APPLE VALLEY, Minn - On a day that's considered to be the "Super Bowl" of shopping, some Walmart workers warn they'll be walking off the job, including employees in Minnesota.
More than 1,000 protests are planned across the country, from Milwaukee to Chicago and in St. Paul, at the Walmart at 1450 University Avenue in St. Paul, Friday at 11 a.m.
Gabe Teneyuque, 30, an Apple Valley Walmart employee, says he will be among the protesters, as part of the group OUR Walmart, a national organization formed by frustrated workers, and says the planned walk-off isn't about working on Thanksgiving night, but how employees are treated all year long.
He says he took a job in the electronics department last year to help support his parents, but working conditions he encountered were "eye opening." He says many workers are afraid to speak out about their low wages, short hours, and changing schedules.
"Everyone goes there because the prices are good, but it's got to come from somewhere and from what I have seen it's not coming from the top," said Teneyuque.
Teneyuque says he earns $9.00 an hour part time, and has been unable to secure a full time position with benefits, and many of his co-workers are in the same situation. This Black Friday, he hopes shoppers will encourage Walmart to improve conditions.
"Just by increasing wages and making health care affordable, Walmart can turn this country around, they have that power, to raise up the poverty level," said Teneyuque. "Something we can live on and be comfortable, not be on food stamps, not having to worry about paying bills and feeding family."
In a statement, Walmart says its' pay and benefit plans are as good or better than retail competitors, including those unionized, and shoppers won't notice any disruptions when doors open at 8 p.m., or at their big electronics event at 10 p.m., and Friday morning kickoff at 5 a.m.
"Black Friday for us is the Superbowl of retail , we have a great plan in place and we don't feel like there is any other retailer set up to win like Walmart," said Sarah Spencer, a Walmart spokesperson offering media an early Black Friday preview at the company's Brooklyn Center store.
"They are nervous and they should be, it's time," said Bernie Hesse, an organizer with the United Food and Commercial Workers Union, Local 1189, the union supporting the Walmart workers in their protests.
"What I would say to folks is, economic choices are moral choices. When you shop not only do you want to get value, but also think about the worker in the store and the value they have," said Hesse.
Walmart filed a complaint with the National Labor Relations Board, claiming that UFCW's involvement in the picketing is illegal.
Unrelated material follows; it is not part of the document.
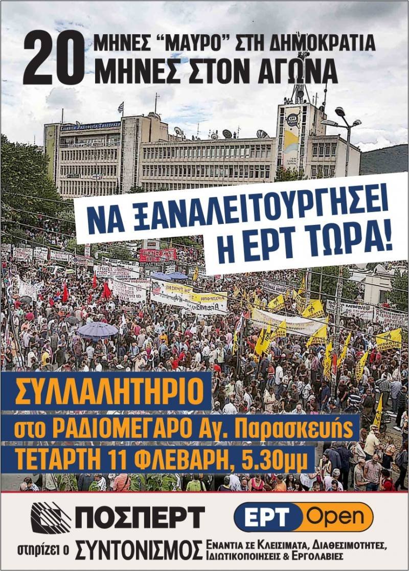 «Συλλαλητήριο έξω από το Ραδιομέγαρο της ΕΡΤ στην Αγ. Παρασκευή οργανώνουν την Τετάρτη 11 Φλεβάρη στις 5.30μμ η ΠΟΣΠΕΡΤ και ο Συντονισμός ενάντια σε κλεισίματα και διαθεσιμότητες. Για να απαιτήσουμε όλοι μαζί να ξανανοίξει η ΕΡΤ τώρα, σαν ένα πρώτο βήμα στον αγώνα να ξηλωθούν όλες οι μνημονιακές επιθέσεις, για να γυρίσουν όλοι οι απολυμένοι στις δουλειές τους. Οι εκλογές τελείωσαν και η μισητή συγκυβέρνηση Σαμαρά και Βενιζέλου, καταβαραθρώθηκε με παταγώδη τρόπο. Η κατάρρευσή τους και η εκλογική εκτίναξη της αριστεράς μαςαφήνουν όλα τα περιθώρια για να επιβάλλουμε ότι όλα όσα παλεύαμε τα τελευταία πέντε χρόνια θα γίνουν πράξη και θα δικαιωθούν οι αγώνες μας.

In an email to KARE 11, Walmart said, "We recognize that not everyone is going to find what they are looking for in their job - that's true of any workplace. The reality is that there are only a handful of associates, at a handful of stores scattered across the country that are participating in these UFCW made for TV events. Most of the numbers of people the UFCW claims at their events aren't even Walmart workers. They are union representatives and other union members. The overwhelming majority of our 1.3 million associates are excited about Black Friday and are ready to serve our customers."
Teneyuque isn't sure what will happen when he walks off the job Friday, but says it's worth the risk.
"The way I see it if a company like Walmart wants you gone, they will find a way, and that is what worries me, but I see the end gain, I see the future and what it can be," he said.